Opinion by
Judge Blatt,Mary H. Kovarik (claimant) appeals here from an order of the Unemployment Compensation Board of Review (Board) which disqualified her from receiving benefits under Section 402(b)(1) of the Unemployment Compensation Law1 (Law), 43 P.S. §802(b) (1). The Board held that she had voluntarily left *167work without cause of a necessitous and compelling nature.
The claimant was hired by Vanity Fair Corporation as a paste-up artist on June 21, 1976, and she worked in this capacity for three days. On the fourth day, she advised her employer that she would be unable to report to work because she had a sinus infection which she attributed to the cold temperature in the building where she worked. On the same day, she reported to the local unemployment office and, after explaining her problem, she was advised to obtain medical documentation of her sinus condition. Two days later, she saw her physician, who wrote a letter indicating that the claimant’s sinus infection was “brought on by the fact that she had to work in severe temperature changes,” but she did not then or later contact her employer. On July 1, 1976, a representative of her employer telephoned her to find out when- she would be returning to work, and, although her testimony regarding this conversation differs from the testimony of the employer’s representative, the latter’s testimony was that he understood that the claimant would not be returning to work.
The claimant’s request for unemployment benefits was denied by the Bureau of Employment Security, and this determination was later upheld by both the referee and the Board. The issue in the appeal, therefore, is whether or not she was properly denied benefits pursuant to Section 402(b) (1) of the Law, 43 P.S. §802(b)(1), for voluntarily leaving work without cause of a necessitous and compelling nature.
The burden of showing that a voluntary termination was with cause of a necessitous and compelling nature rests with the claimant. Pfafman v. Unemployment Compensation Board of Review, 7 Pa. Commonwealth Ct. 197, 300 A.2d 295 (1973). A physical disability may constitute such a cause for leaving em*168ployment, but the law requires that an employe inform his employer of his health problem, request a transfer to work which is suitable in light of the health problem, and offer evidence that, at the time of the termination, his health reasons were adequate to justify termination of his employment. Baldassano v. Unemployment Compensation Board of Review, 34 Pa. Commonwealth Ct. 457, 383 A.2d 988 (1978). The claimant must also show that he has made a reasonable effort to preserve his employment and that he has had no real choice but to leave. Pfeffer v. Unemployment Compensation Board of Review, 33 Pa. Commonwealth Ct. 601, 382 A.2d 511 (1978); Unemployment Compensation Board of Review v. Kapsch, 18 Pa. Commonwealth Ct. 456, 336 A.2d 652 (1975).
The claimant’s own testimony regarding discussion of her health problem with her employer is revealing:
Did you discuss your problem with anyone in supervision?
No.
Did you go to them and ask them for other work? Anyone?
No, I didn’t.
Why didn’t you?
Well that’s the type of work that I do.
The referee found that “[t]he claimant did not discuss her problem with her superiors, neither did she ask for other work or a leave of absence.” This finding is clearly supported by the claimant’s own testimony, and we must agree with the referee and the Board that the claimant did not make the kind of reasonable effort to preserve her employment which the law requires of her.

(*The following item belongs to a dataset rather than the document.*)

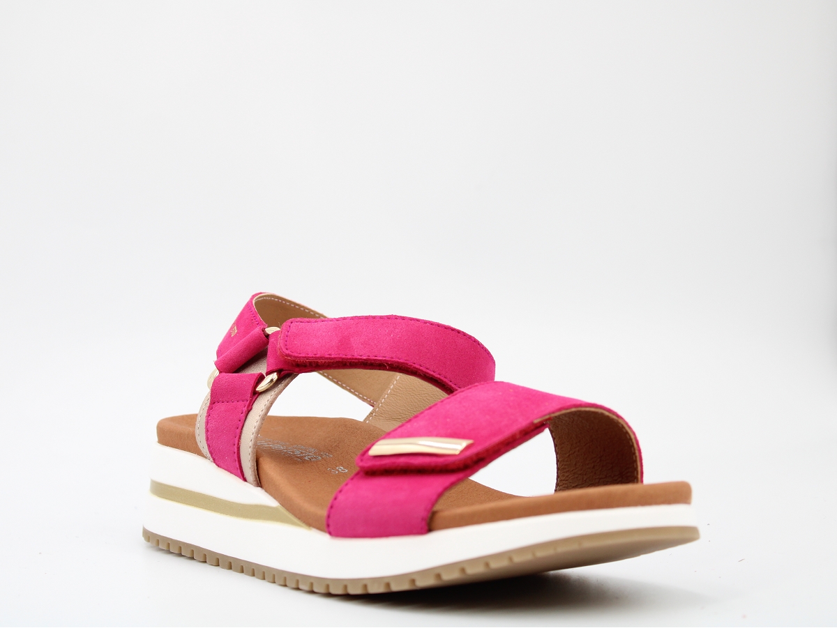 Dans un esprit sportif, cette sandale associe l'élégance et le confort. L'intercalaire SOFT-AIR, ainsi que le SHOCK-ABSORBER, contribuent à réduire les chocs au minimum pour une marche souple et sans fatigue. Avec la technologie AIR-RELAX, l'anatomie du pied est respectée afin d'éviter l'affaissement de la voûte plantaire. Cette sandale à brides avec bandes agrippantes est joliment décorée d'un ornement. La doublure en cuir offre un climat sain à l'intérieur de la chaussure.

We will, therefore, affirm the Board’s decision that this claimant should be disqualified from receiving unemployment benefits.
*169Order
And Now, this 21st day of June, 1978, the order of the Unemployment Compensation Board of Review, denying benefits to Mary H. Kovarik, is hereby affirmed.
Act of December 5, 1936, Second Ex. Sess., P.L. (1937) 2897, as amended, 43 P.S. §751 et seq.